*** Block opens ***

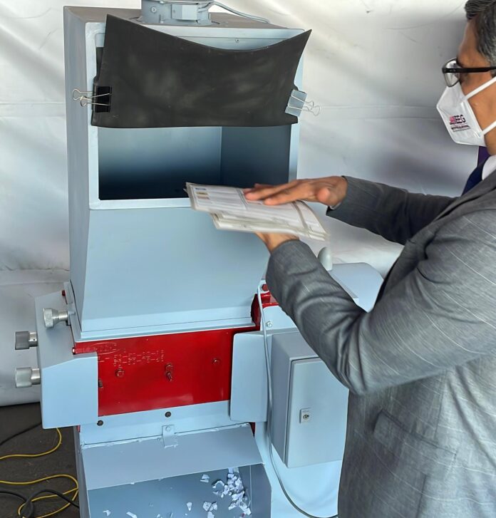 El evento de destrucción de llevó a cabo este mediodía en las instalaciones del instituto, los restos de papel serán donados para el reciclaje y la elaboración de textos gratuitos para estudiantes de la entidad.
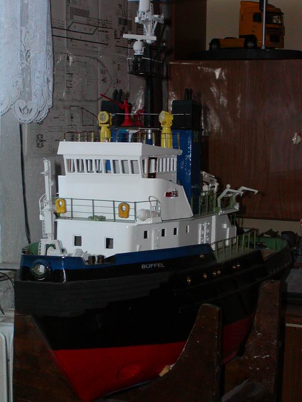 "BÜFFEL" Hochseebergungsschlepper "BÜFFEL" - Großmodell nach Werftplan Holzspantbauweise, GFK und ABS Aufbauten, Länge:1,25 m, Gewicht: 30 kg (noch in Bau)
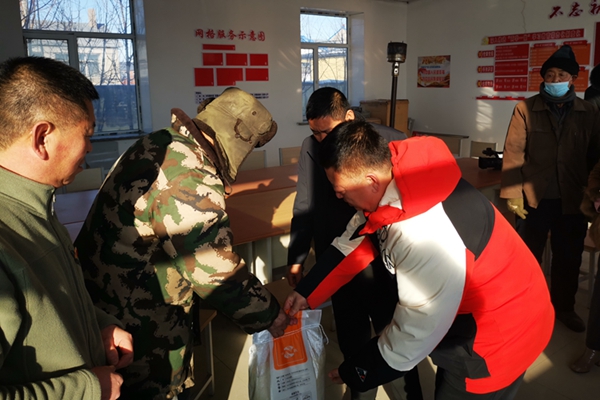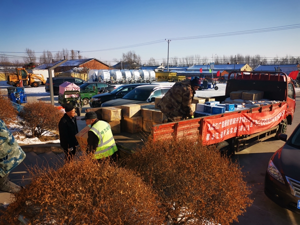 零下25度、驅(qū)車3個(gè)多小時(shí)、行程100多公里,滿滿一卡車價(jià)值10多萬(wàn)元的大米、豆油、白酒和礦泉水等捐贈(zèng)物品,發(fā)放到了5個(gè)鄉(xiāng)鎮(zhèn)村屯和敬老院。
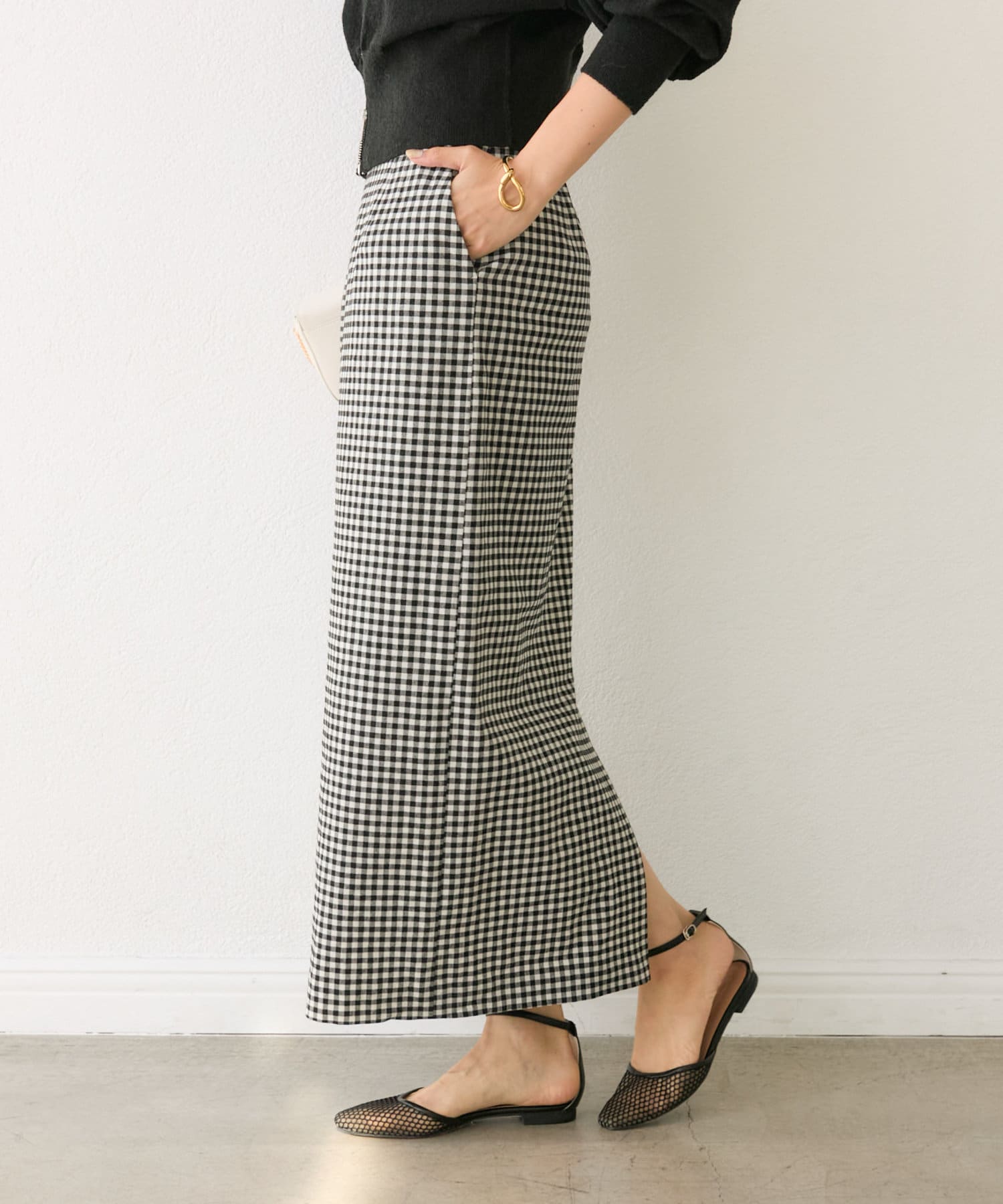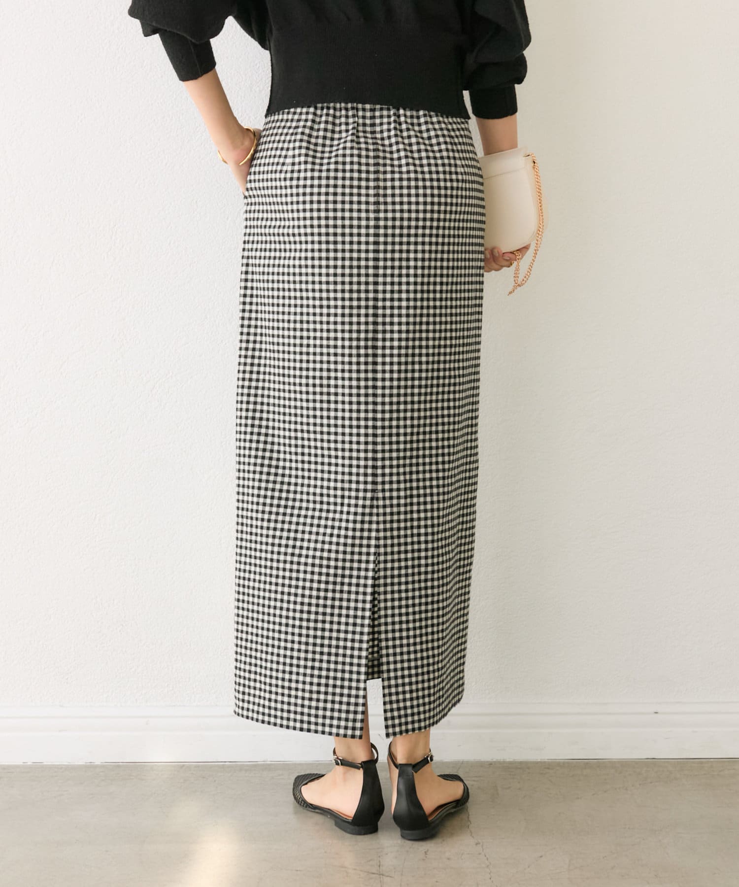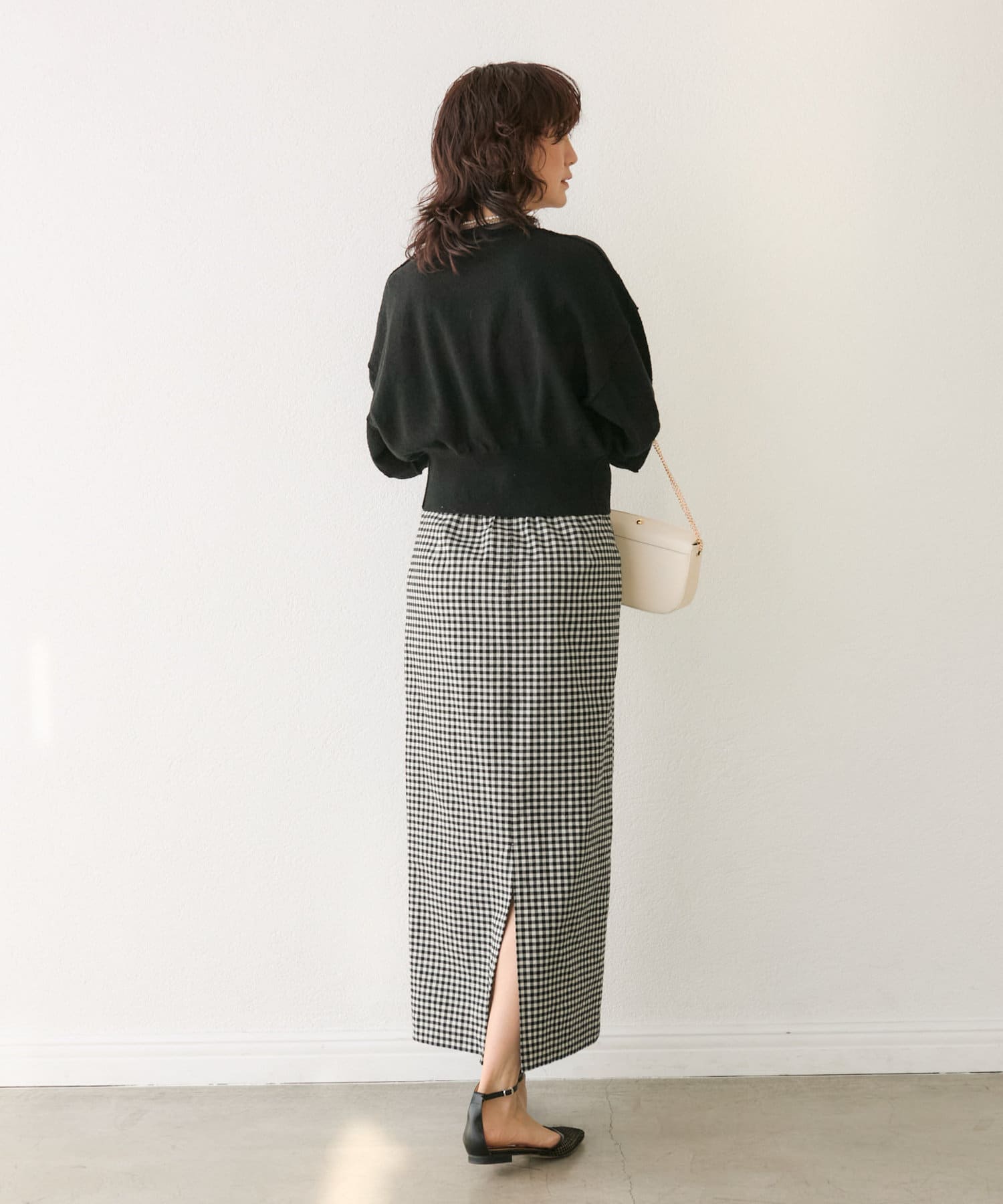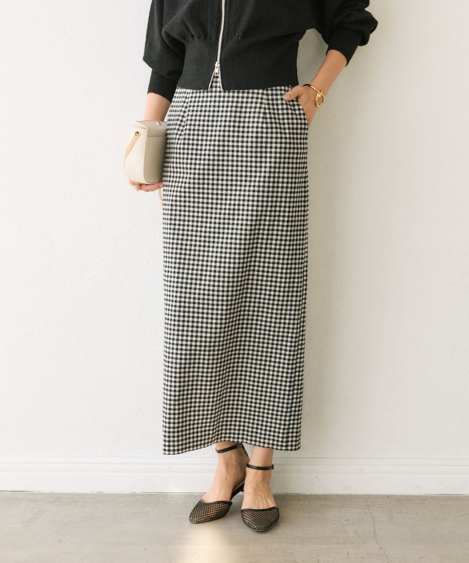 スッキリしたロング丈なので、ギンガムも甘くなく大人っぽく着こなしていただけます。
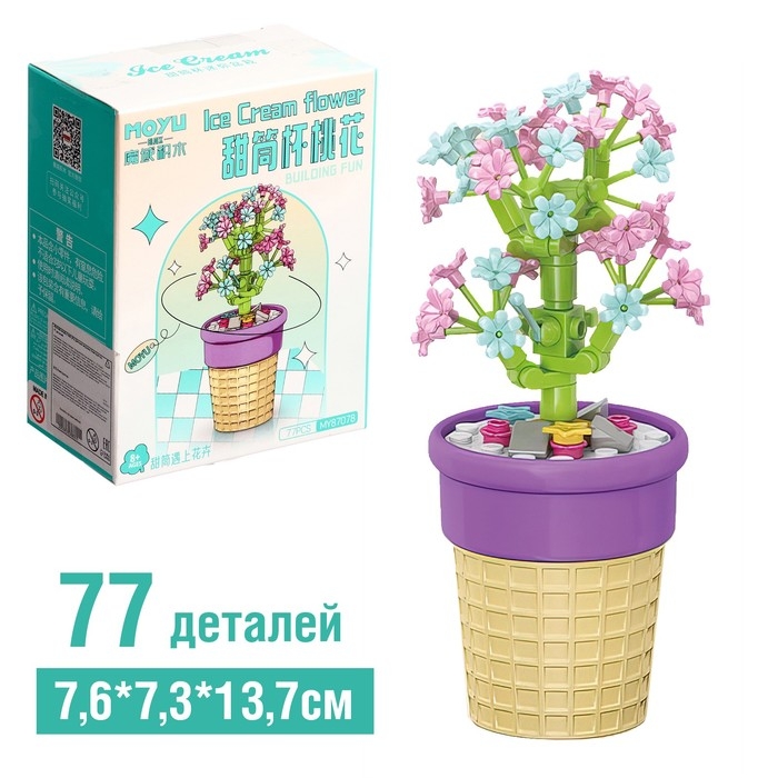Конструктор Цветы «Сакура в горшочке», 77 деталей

*** Block closes ***

(Work instructions)
Repeat, with no pictures, each line from the beginning of the data through the line containing "スッキリしたロング丈なので、", inclusive.

(Completed task)
 El evento de destrucción de llevó a cabo este mediodía en las instalaciones del instituto, los restos de papel serán donados para el reciclaje y la elaboración de textos gratuitos para estudiantes de la entidad.
 "BÜFFEL" Hochseebergungsschlepper "BÜFFEL" - Großmodell nach Werftplan Holzspantbauweise, GFK und ABS Aufbauten, Länge:1,25 m, Gewicht: 30 kg (noch in Bau)
 零下25度、驅(qū)車3個(gè)多小時(shí)、行程100多公里,滿滿一卡車價(jià)值10多萬(wàn)元的大米、豆油、白酒和礦泉水等捐贈(zèng)物品,發(fā)放到了5個(gè)鄉(xiāng)鎮(zhèn)村屯和敬老院。
 スッキリしたロング丈なので、ギンガムも甘くなく大人っぽく着こなしていただけます。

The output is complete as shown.